Because artificial intelligence (AI) is used a lot in areas such as health care and self -driving cars, the question is how much we can trust that it will be more critical. One method, called reasoning (COT), has received attention. It helps AI to break down complex problems in steps, which shows how things will work with a definitive answer. This not only improves performance, but also gives us a glimpse into what the AI ​​thinks, which is important for trust and safety of AI systems.

But recently research From anthropic questions whether COT really reflects what happens in the model. This article looks at how COT works, what has found anthropic and what it all means to build reliable AI.

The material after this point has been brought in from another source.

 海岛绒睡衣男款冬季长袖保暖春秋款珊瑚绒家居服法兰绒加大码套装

Insight into the reasoning of the canvas

Reasoning of the canvas is a way to step by step -by -step problems to solve problems. Instead of just giving a definitive answer, the model explains each step. This method was introduced in 2022 and has since helped improve the results in tasks such as mathematics, logic and reasoning.

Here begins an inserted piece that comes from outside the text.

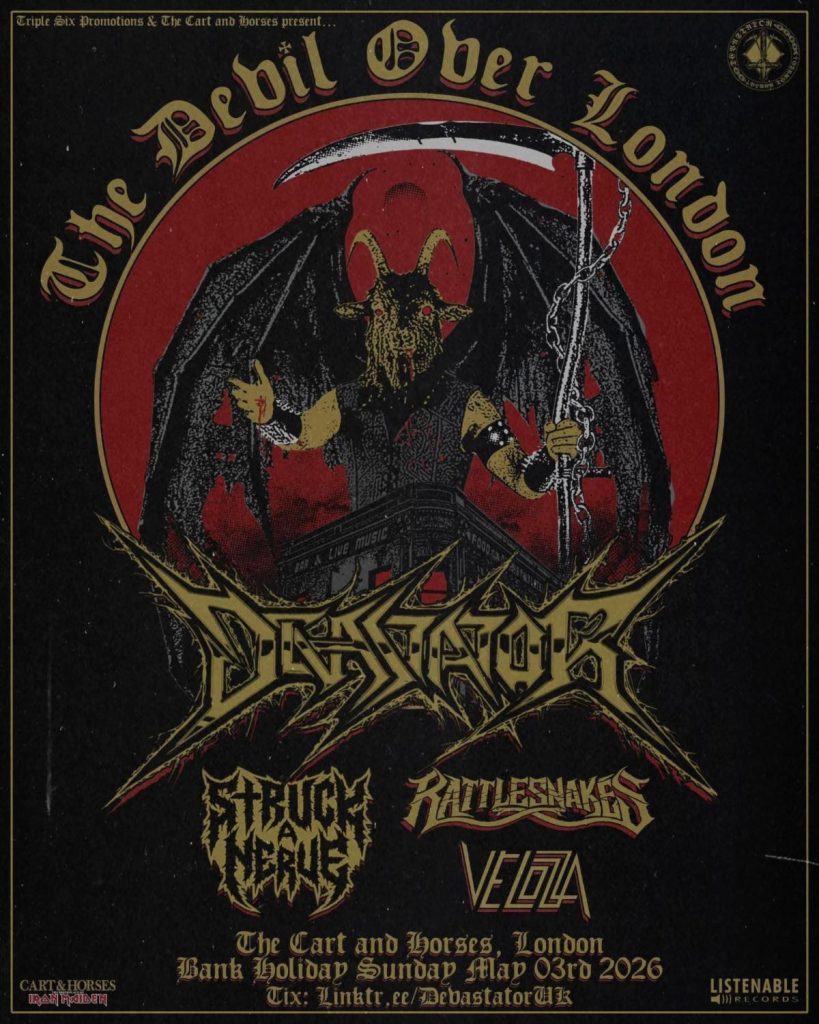 Check RATTLESNAKES out live with label fellows Struck A Nerve and Devastator at London Cart and Horses on May 3rd, 2026.

Models such as OpenAi’s O1 and O3Gemini 2.5Deepseek R1And Claude 3.7 Sonnet Use this method. One reason why is conquered popular is because it makes the AI’s reasoning more visible. This is useful when the costs of errors are high, such as in medical devices or self -driving systems.

But still, although COT helps with transparency, it does not always reflect what the model really thinks. In some cases the statements may look logical, but they are not based on the actual steps that the model used to make the decision.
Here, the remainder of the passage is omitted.